Todos estamos seguros de que la gente, está harta del PRI, si, y desde hace muchos años; los mismos que el PRD tiene sin poder ser una opción, sumido en sus pugnas internas, en el protagonismo de sus dirigentes y haciendo todo lo posible por parecerse al PRI.
Conocemos más de un reporte en Xalostoc, donde militantes perredistas, a bordo de un camioneta blanca y desde su posición de apóstatas amarillos, se dedicaron a inhibir el voto ciudadano y amenazar a la gente que se dirigía a la casilla.
¿Desde cuándo el PRD encabeza esos malos modos? ¿Cómo fue que llegaron hasta ahí? ¿A quién se le ocurrió amenazar a la gente para que no votara? ¿Por qué no, en lugar de ello, se tomaron el tiempo suficiente para organizar a la gente, para ofrecerle alternativas, para ser una opción válida?
Nadie se puede llamar a engaño, a menos que se quiera engañar. Todos sabían que el adversario era poderoso y venía con todo. ¿Alguien habrá pensado que respetaría las reglas del juego y actuaría en estricto apego a la ley?

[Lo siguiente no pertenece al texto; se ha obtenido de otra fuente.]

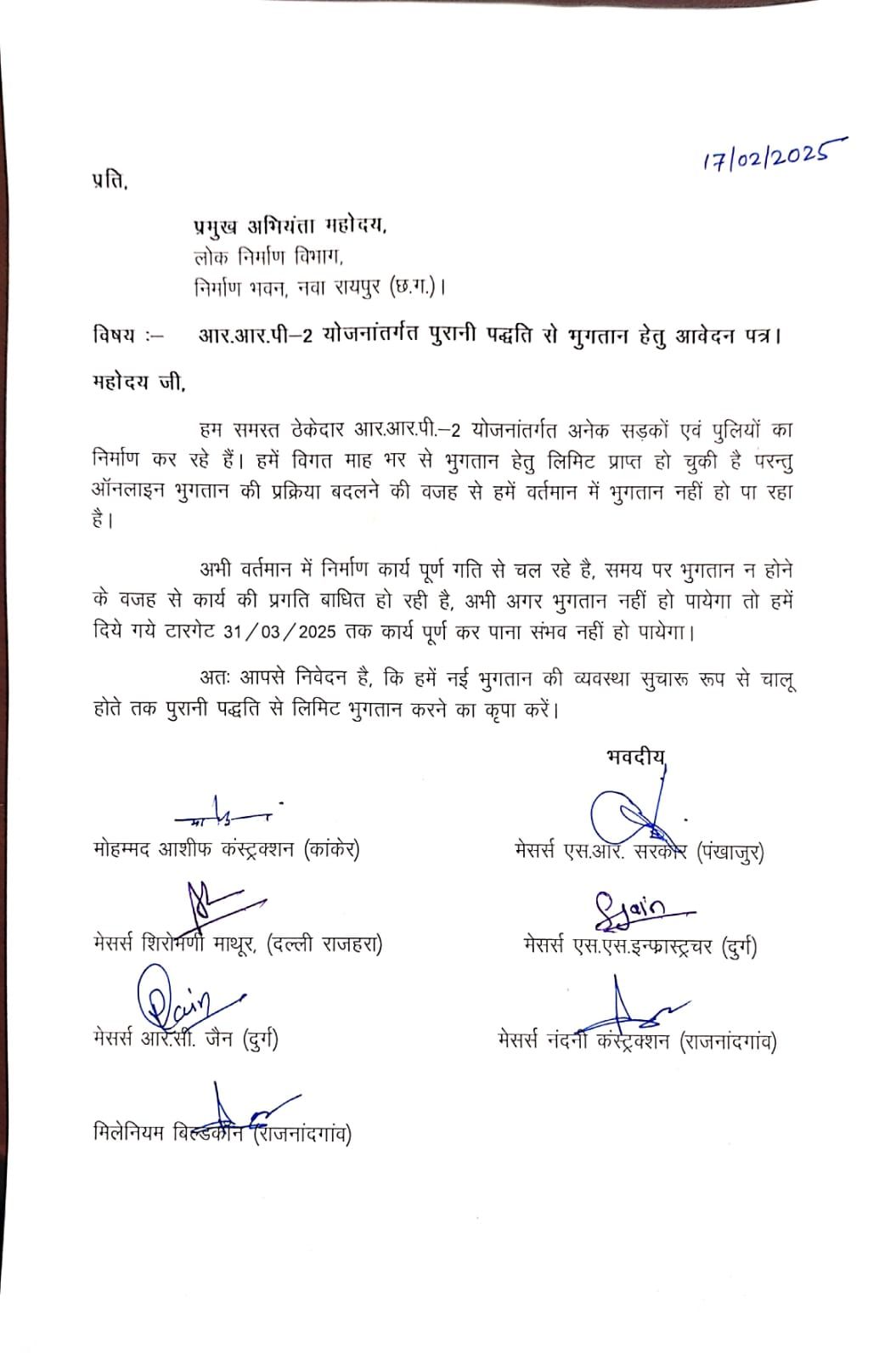उल्लेखनीय है कि केंद्र सरकार की योजना रूरल रोड प्रोजेक्ट की ठेकेदारों के 150 करोड़ से अधिक की देनदारियां अटकी हुई थी। ईएनसी वीके भतपहरी ने केंद्रीय मद की राशि का भुगतान कई कारणों से आपत्ति लगाकर रोक दिया है। मार्च के बाद के कराए गए कार्यों का भुगतान न होने से ठेकेदारों में रोष है। कार्य ठप होने के कारण ईएनसी ने ठेकेदारों की बैठक ली। बैठक में उनका काम ठीक नहीं होने की बात कहकर धमकाया जा रहा है। ठेकेदारों द्वारा काम के संबंध में कहीं की कोई जानकारी पूछे जाने पर स्पष्ट जवाब नहीं दिया जा रहा है। ठेकेदारों ने भुगतान नहीं किए जाने का सवाल उठाया तो उसे टाल गए।

No. Entonces, el resultado es lógico y era previsible. Lo que se haga después, no tendrá ningún sentido ni validez; si acaso, para vender otra falsa ilusión, tan pasajera como la anterior. A falta de votos, algunos perredistas, no todos, se volvieron a poner en evidencia. De nada sirvieron las muchas vueltas que dieron en su camioneta, espantando a la gente. No tenían ningún derecho para hacer eso, ni aun suponiendo que esa gente, iba a votar por el PRI.

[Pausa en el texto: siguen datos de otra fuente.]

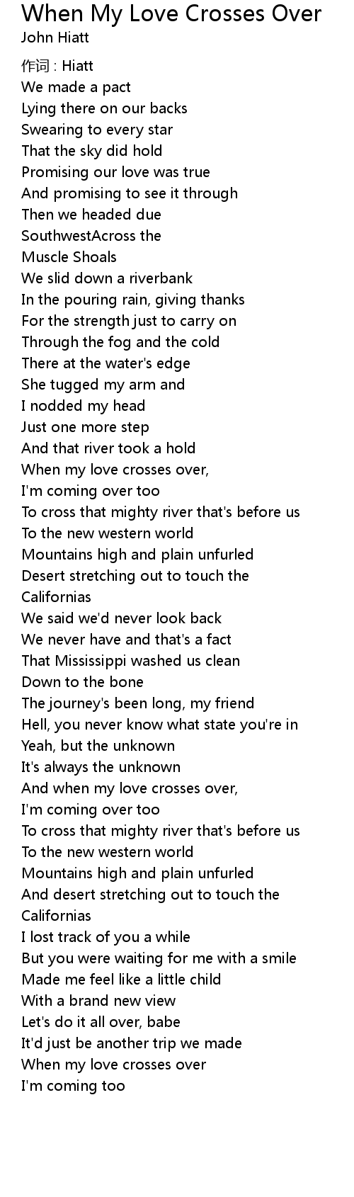 | And when my love crosses over, | |

Pero, vuelve a aparecer el escenario de la facilidad. Es más fácil y divertido dar vueltas en una camioneta, durante el domingo, que convencer, juntar y organizar a la gente, suponiendo que se es una opción de Izquierda, no sólo de dicho, sino de hecho.
“¿Quieres conocer a un hombre? Dale poder”. ¿Quieres conocer a un perredista? dale una camioneta o un radio trasmisor, un celular o una raqueta; de cualquier modo, no le dará el uso adecuado, pero sentirá que, por haber viajado a Cuba y ponerse una boina como la del Che, ya es un luchador de Izquierda.